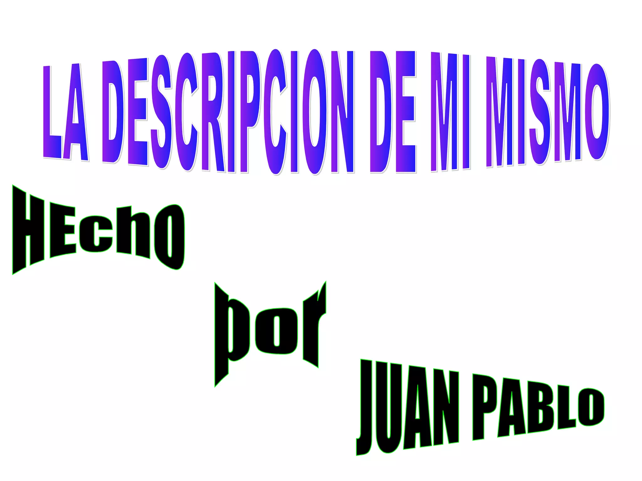Juan Pablo Velandia Plazas es un niño de 12 años de edad que se describe a sí mismo. Mide 1.55 metros y tiene el pelo negro, ojos verdes, nariz larga y boca fina. Aunque es bajo y delgado, se considera físicamente normal. Se describe como una persona amable, simpática y generosa, pero también admite haber sido a veces miedoso, egoísta y mentiroso.
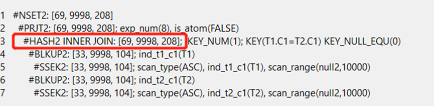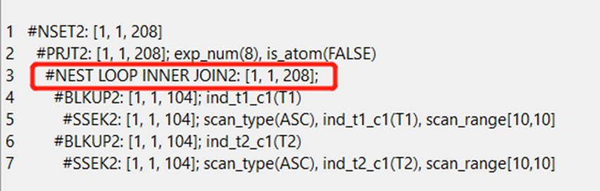 - 关联列等值过滤条件为等值时,将会使用nest loop inner join方式表连接
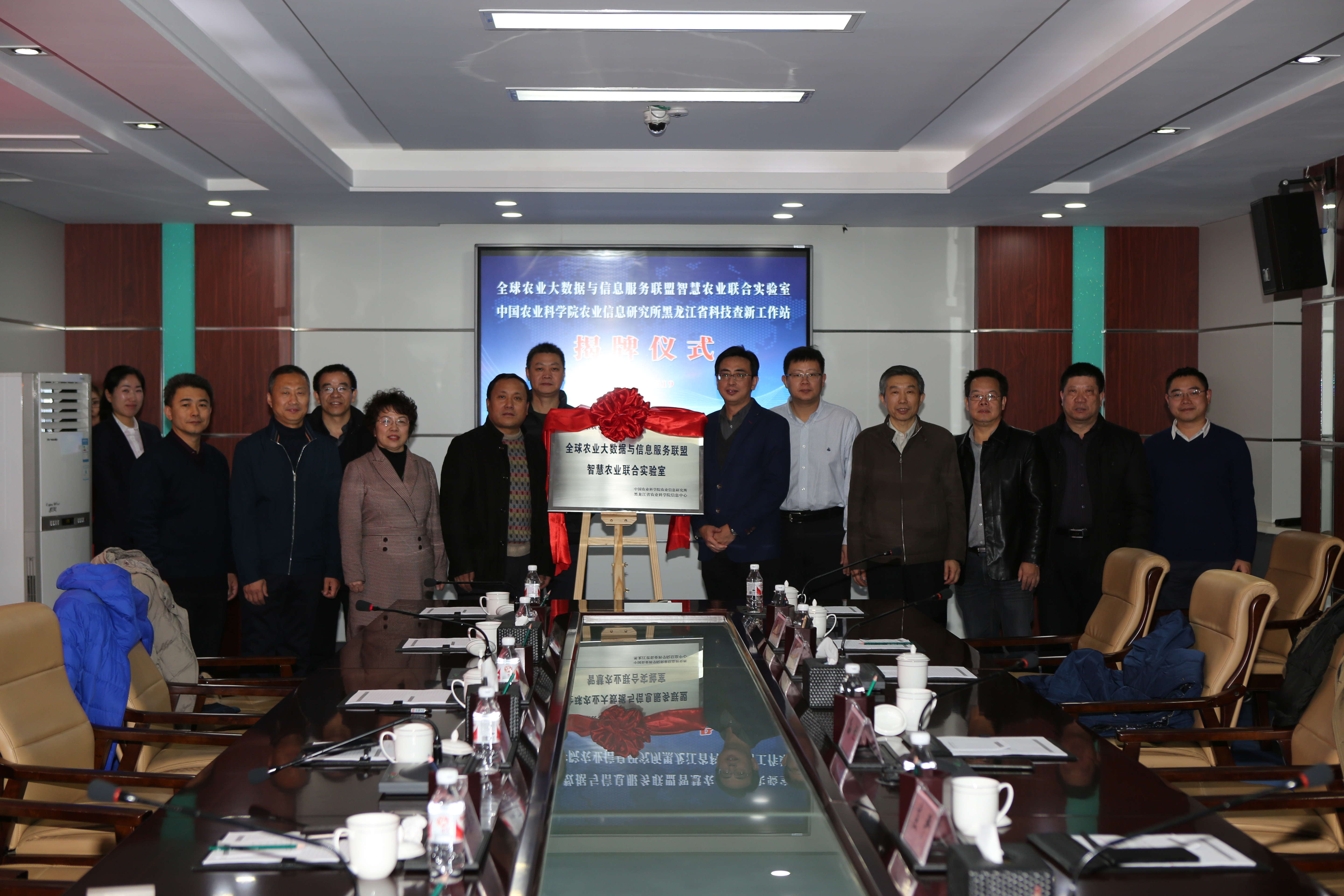 1月5日,借全球农业大数据与信息服务联盟召开座谈会之际,由中国农科院信息所发起,联合全国12个省共同组建的智慧农业联合实验室在成人网站 信息中心挂牌!同时中国农业科学院农业信息研究所科技查新(国家一级查新)黑龙江省查新工作站也在信息中心同时揭牌启动。中国农科院信息所所长孙坦,中国农科院科技局协同创新处副处长庄严,中国农科院农业信息所副所长周国民、聂凤英,全球农业大数据与信息服务联盟常务副事长孟宪学,黑龙江成人网站 副院长来永才、信息中心主任毕洪文及在哈出席全球农业大数据与信息服务联盟座谈会的全国各兄弟院所领导近百人出席揭牌仪式。揭牌仪式由黑龙江成人网站 科研处处长柴永山主持。
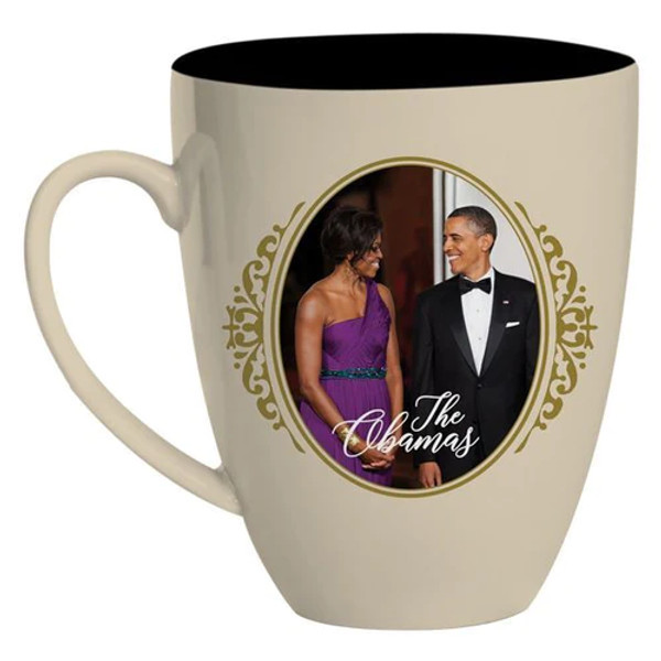 A high-quality two-tone mug featuring an image of former First Couple Barack and Michelle Obama dressed in formal attire. This ceramic mug commemorates a time where the White House exemplified true leadership and makes the perfect gift for anyone who appreciates this power couple. The mug's exterior is beige and interior is black.
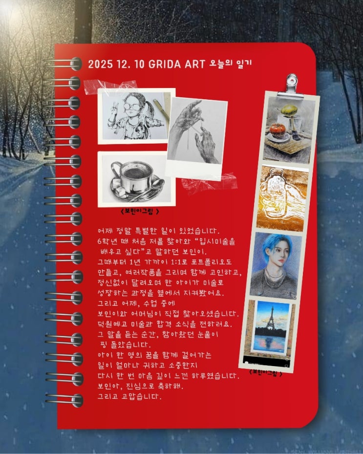 어제 정말 특별한 일이 있었습니다. 6학년 때 처음 저를 찾아와 “입시미술을 배우고 싶다”고 말하던 보민이. 그때부터 1년 가까이 1:1로 포트폴리오도 만들고, 여러작품을 그리며 함께 고민하고, 정신없이 달려오며 한 아이가 미술로 성장하는 과정을 옆에서 지켜봤어요. 그리고 어제, 수업 중에 보민이와 어머님이 직접 찾아오셨습니다. 덕원예고 미술과 합격 소식을 전하러요. 그 말을 듣는 순간, 참아왔던 눈물이 핑 돌았습니다. 아이 한 명의 꿈을 함께 걸어가는 일이 얼마나 귀하고 소중한지 다시 한 번 마음 깊이 느낀 하루였습니다. 보민아, 진심으로 축하해. 그리고 고맙습니다♡ 그리다 인스타그램 주소예요 https://www.instagram.co....... <img src="https://blogthumb.pstatic.net/MjAyNTEyMTBfMzcg/MDAxNzY1MzM0MjU0MzQw.EehEABFZufHregXeWeI0tWJY82-En_Vo3NLMxJatlwAg.0h71FVNK3bQWbfRJIHr9IV-nMfHX-GcTQnCcU4RqymAg.JPEG/900%A3%DF1765334223348.jpg?type=s3" />
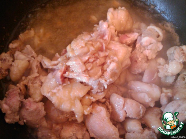 Ставим стакан воды на плиту и доводим ее до кипения. Промываем рис и варим его почти до готовности, он должен быть совсем немножко твердоват. Откидываем рис на дуршлаг. Обрезаем мясо с 2 окорочков. Ставим его тушиться в стакане воды минут 15-20 на небольшом огне.
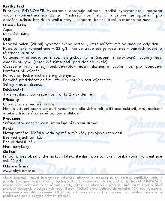 Přípravek PHYSIOMER Hypertonic obsahuje přírodní sterilní hypertonickou mořskou vodu s koncentrací solí 22 g/l. Nedráždí nosní sliznici a zároveň je optimální pro dosažení účinku bez rizika vzniku návyku. Kapesní balení, které je snadno po ruce.
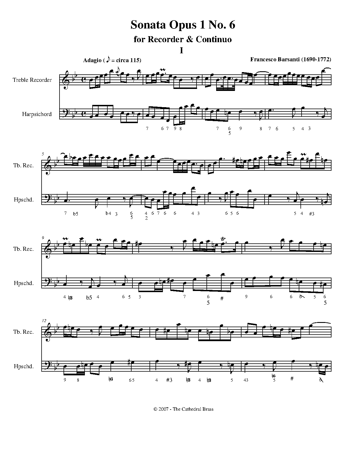 6 Recorder Sonatas, Op.1 (Barsanti, Francesco)
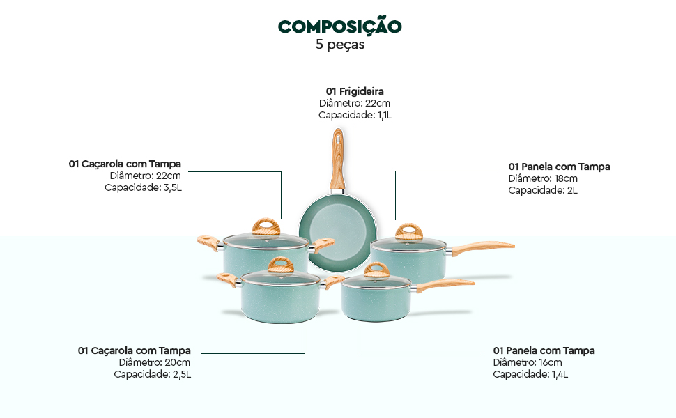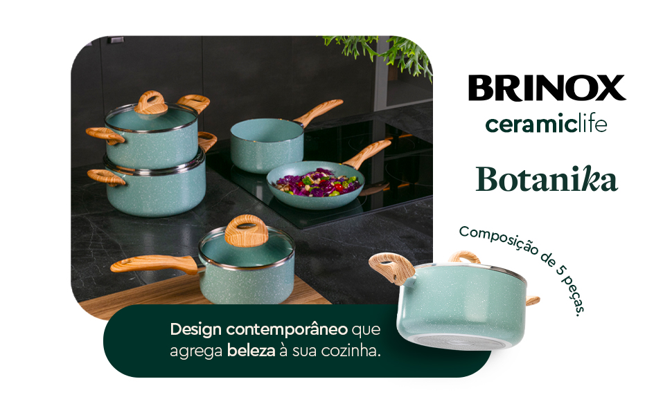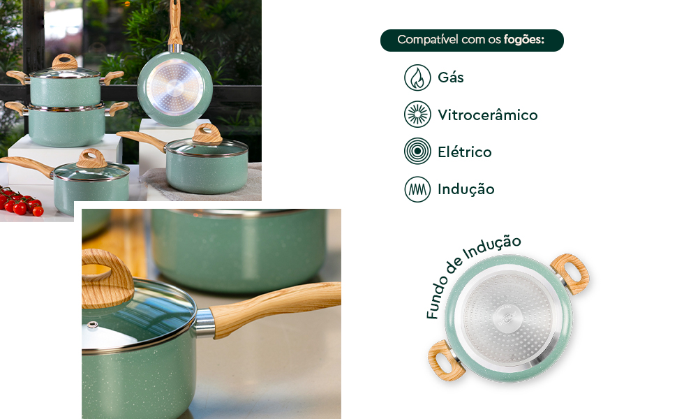 Os cabos e alças em baquelite soft-touch apresentam efeito amadeirado, oferecendo conforto e segurança no manuseio. As tampas em vidro temperado são equipadas com saída para vapor, permitindo o controle visual do cozimento.
===
An exact copy is needed of the lines from the start of the listing through the line with "- 关联列等值过滤条件为等值时,将会使用nest loop", both end lines included and pictures excluded.

Juan Pablo Velandia Plazas es un niño de 12 años de edad que se describe a sí mismo. Mide 1.55 metros y tiene el pelo negro, ojos verdes, nariz larga y boca fina. Aunque es bajo y delgado, se considera físicamente normal. Se describe como una persona amable, simpática y generosa, pero también admite haber sido a veces miedoso, egoísta y mentiroso.
 - 关联列等值过滤条件为等值时,将会使用nest loop inner join方式表连接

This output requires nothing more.